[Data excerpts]
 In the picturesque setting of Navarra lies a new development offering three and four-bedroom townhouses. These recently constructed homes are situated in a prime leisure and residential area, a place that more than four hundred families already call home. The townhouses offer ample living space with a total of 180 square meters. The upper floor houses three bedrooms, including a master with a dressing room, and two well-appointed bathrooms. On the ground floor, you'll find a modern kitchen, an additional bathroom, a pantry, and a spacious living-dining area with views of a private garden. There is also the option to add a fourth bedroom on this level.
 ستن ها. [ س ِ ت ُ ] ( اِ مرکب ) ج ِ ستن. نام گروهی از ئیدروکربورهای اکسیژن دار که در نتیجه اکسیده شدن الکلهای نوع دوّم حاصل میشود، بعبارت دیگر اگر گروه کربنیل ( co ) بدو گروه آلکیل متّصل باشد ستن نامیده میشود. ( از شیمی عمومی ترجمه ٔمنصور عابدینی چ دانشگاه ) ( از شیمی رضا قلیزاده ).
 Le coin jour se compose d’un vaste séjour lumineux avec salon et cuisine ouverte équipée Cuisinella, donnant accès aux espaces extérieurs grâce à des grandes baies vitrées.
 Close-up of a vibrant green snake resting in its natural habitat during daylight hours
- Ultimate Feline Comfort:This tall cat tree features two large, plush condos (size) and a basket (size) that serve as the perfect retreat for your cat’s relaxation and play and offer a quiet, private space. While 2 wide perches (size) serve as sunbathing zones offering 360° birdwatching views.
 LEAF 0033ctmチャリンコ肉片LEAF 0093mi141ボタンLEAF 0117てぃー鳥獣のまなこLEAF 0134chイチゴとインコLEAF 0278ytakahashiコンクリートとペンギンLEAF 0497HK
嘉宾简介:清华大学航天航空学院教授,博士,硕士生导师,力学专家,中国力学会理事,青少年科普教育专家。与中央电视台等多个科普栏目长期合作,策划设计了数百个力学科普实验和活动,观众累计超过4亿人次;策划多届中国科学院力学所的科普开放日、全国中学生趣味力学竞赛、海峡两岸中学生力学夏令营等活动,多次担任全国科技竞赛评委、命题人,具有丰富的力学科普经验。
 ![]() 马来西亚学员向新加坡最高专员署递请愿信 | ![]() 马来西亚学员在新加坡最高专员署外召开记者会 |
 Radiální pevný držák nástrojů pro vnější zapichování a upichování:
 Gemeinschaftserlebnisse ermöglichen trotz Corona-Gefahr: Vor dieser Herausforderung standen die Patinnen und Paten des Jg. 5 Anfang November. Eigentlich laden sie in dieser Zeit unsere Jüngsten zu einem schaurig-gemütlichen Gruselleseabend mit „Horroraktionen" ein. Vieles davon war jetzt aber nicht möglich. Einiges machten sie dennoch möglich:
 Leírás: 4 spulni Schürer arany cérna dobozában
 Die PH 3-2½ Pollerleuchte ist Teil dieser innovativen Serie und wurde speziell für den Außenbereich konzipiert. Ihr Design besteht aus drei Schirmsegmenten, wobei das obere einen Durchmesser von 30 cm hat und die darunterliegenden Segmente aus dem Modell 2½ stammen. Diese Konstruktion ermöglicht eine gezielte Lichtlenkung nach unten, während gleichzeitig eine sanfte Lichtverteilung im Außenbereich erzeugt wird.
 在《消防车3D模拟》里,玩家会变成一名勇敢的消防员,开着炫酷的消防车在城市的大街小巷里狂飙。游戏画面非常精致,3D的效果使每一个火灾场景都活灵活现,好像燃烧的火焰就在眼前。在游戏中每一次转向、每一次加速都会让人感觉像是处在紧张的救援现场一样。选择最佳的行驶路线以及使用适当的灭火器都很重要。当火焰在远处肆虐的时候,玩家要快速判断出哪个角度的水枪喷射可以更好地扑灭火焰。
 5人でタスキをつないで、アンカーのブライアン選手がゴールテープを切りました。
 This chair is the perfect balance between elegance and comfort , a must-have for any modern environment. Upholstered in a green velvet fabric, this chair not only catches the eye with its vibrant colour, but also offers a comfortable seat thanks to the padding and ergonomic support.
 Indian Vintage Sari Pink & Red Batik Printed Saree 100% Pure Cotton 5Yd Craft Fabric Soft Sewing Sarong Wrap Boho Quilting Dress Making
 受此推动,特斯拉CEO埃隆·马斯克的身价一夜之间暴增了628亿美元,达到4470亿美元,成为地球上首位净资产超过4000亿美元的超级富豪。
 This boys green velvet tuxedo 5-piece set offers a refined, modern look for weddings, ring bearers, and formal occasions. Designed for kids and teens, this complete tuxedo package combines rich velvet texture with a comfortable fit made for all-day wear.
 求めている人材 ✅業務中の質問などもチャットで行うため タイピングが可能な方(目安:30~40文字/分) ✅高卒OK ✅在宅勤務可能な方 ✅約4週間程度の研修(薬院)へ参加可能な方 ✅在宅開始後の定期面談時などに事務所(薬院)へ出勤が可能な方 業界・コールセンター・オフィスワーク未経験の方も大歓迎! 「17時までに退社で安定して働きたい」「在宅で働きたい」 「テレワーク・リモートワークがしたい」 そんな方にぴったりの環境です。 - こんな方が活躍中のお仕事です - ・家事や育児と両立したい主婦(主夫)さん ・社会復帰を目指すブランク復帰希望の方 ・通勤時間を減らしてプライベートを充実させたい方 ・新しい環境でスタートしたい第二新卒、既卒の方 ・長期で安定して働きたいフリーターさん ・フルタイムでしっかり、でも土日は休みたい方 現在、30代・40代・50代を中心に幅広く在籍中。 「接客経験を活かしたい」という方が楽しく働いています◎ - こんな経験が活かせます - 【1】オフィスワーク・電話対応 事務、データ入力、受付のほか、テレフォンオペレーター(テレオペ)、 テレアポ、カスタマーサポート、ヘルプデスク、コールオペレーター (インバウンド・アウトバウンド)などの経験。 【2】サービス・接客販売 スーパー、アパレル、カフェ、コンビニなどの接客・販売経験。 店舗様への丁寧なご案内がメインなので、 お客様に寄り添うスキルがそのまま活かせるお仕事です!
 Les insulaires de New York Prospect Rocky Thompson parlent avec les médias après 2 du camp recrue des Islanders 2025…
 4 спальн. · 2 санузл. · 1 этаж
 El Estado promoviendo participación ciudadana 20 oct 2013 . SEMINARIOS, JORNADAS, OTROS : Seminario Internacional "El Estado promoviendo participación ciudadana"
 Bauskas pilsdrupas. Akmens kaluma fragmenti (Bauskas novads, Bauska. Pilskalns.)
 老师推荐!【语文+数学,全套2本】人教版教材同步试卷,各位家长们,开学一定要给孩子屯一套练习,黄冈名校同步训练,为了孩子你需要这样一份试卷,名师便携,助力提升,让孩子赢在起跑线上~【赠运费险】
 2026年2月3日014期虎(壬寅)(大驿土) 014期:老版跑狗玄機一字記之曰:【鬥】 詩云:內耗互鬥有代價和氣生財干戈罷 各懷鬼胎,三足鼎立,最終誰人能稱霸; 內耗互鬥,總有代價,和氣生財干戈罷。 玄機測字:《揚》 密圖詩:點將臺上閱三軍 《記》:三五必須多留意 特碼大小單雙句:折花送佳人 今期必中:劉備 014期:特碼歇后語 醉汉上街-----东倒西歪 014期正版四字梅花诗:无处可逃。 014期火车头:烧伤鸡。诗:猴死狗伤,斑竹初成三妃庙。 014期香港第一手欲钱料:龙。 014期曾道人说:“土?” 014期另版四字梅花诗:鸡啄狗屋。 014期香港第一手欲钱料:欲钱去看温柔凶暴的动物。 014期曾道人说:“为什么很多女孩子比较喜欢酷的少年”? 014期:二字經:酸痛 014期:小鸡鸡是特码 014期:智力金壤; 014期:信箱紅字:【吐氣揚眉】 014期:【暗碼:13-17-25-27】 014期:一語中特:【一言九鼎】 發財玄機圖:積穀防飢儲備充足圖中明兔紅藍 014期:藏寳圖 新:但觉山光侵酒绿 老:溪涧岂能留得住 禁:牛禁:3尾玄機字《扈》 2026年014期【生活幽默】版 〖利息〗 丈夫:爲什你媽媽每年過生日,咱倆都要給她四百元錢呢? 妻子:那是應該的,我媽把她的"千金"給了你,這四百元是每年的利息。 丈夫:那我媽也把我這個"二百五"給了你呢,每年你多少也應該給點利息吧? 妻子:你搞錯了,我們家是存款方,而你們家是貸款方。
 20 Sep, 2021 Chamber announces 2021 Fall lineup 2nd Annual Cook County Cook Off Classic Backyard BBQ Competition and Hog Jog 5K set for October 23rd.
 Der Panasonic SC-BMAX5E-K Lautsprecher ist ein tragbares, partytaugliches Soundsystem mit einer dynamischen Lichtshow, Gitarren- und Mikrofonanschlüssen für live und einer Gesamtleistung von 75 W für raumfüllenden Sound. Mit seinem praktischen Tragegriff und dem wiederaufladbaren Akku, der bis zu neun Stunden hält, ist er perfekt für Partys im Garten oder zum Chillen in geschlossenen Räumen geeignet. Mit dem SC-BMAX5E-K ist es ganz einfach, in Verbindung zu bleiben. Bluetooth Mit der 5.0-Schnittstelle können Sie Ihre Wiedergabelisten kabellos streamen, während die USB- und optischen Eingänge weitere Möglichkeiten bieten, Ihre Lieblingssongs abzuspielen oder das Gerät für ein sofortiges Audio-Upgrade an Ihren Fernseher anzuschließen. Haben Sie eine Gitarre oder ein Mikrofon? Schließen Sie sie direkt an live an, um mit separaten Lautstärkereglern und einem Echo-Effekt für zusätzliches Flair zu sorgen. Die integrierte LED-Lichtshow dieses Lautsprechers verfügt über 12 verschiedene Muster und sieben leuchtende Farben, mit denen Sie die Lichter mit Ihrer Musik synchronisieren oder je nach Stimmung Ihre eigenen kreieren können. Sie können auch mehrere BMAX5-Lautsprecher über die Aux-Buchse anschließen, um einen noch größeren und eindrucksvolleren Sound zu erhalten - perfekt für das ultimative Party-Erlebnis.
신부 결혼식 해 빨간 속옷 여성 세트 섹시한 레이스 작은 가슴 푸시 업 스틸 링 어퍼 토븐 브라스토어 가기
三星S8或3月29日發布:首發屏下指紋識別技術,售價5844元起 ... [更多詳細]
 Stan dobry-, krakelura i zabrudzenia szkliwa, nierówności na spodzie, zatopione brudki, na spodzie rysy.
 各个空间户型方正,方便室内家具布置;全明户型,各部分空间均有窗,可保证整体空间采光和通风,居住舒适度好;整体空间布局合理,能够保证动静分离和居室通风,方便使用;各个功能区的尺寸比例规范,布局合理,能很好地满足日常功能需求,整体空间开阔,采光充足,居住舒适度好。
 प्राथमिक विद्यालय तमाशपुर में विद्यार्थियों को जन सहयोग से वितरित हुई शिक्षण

(Exercise): What is the number of lines in the entries above that contain the string "avec"? Reply with the number and nothing more.

(Exercise solution): 2